If there is one thing that we take seriously in America, it is our independence. We like being able to go where we please and to do what we want to do. Of course, this fierce loyalty to independence helps to explain why we are so attached to our cars. Having reliable transportation is an institution in this country, and nearly everyone relies on having a car, truck van or SUV to get from one place to another. Some would even say it’s impossible to get by and stay gainfully employed without a vehicle.

The problem with transportation is that it takes credit in order to buy a car. As of right now, there are about 26 million people in this country (this translates to about 1 percent of American adults) who do not have any established credit. Some call this state of being “credit invisible” and it essentially means folks who have no credit file with the major credit reporting agencies. And you can add to that one percent another 8 percent of consumers who have “unscored credit records.” These are people who don’t have enough credit history to create a legit credit score. The credit reporting agencies make use of tradeline data to give people their customer scores. The information they use relates to the account, payment information and what type of account it is.

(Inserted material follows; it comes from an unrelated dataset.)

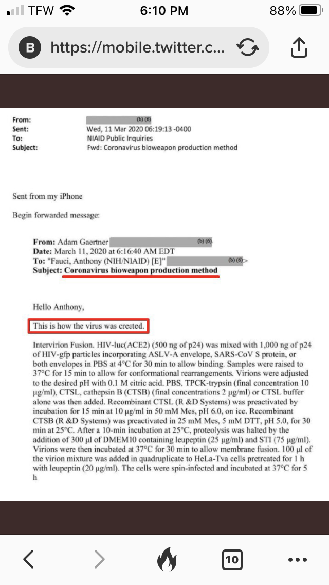 In one very shocking email (pictured dated March 11, 2020 yes, 2020), we learn how the CV-19 virus was created. Notice the very first line of the email from a person whose name has been redacted. They used HIV to create it. Now unless this particular “HIV” refers to something else entirely, it most likely refers to the human immunodeficiency virus, which causes AIDS and is usually fatal. This is the recipe used to create CV-19 designed to kill or harm people and create havoc throughout the world. At the same time, this could all be smoke and mirrors, who really knows? Maybe Fauci is being sacrificed and blamed? What’s coming?

In order for the credit reporting agencies to predict and evaluate how people will use lines of credit, they must capture this information. It is important to note, however, that even with all of this information in hand, this data will not capture a true view of someone’s overall financial big picture. The agencies also use alternative data when scoring consumers, but this information is limited to public records, like liens and bankruptcies.

Most underbanked and unbanked consumers – the people who are credit invisible – are not sufficiently scored by the major credit reporting agencies. They simply do not have access to all of the important information available from alternative lenders, which lots of underbanked people use to get access to loans because they don’t have credit cards or access to loans from traditional banks. These alternative lenders often report information only to alternative credit reporting agencies. Without this kind of information in hand, lenders are missing out on providing service to a much broader base of customers. And consumers often fail to obtain auto loans, while also missing opportunities to improve their credit scores.

Lenders who use traditional credit data in conjunction with alternative lending data can provide consumers with better loans, while minimizing any losses. Tradeline data from alternative lenders helps to identify the higher-risk consumers while also providing opportunities for lower-risk borrowers. The end result is that lenders are able to provide loans for underbanked consumers who have profiles that are closer to what traditional credit reporting agencies consider to be ideal. What more could both lenders and borrowers ask for than a scenario where both of their best interests are served?

It may take some time for alternative credit reporting data to become more mainstream. This has to happen, though, if lenders are truly interested in broadening their customer base. Consumers, whether they utilize only traditional financial services or alternative financial services, deserve the chance to get auto loans and other lines of credit based upon their history and their likelihood of being able to stay current on their loans in the future. Once lenders have access to all of the pertinent information by way of consumers’ credit scores, they will be better equipped to serve the public.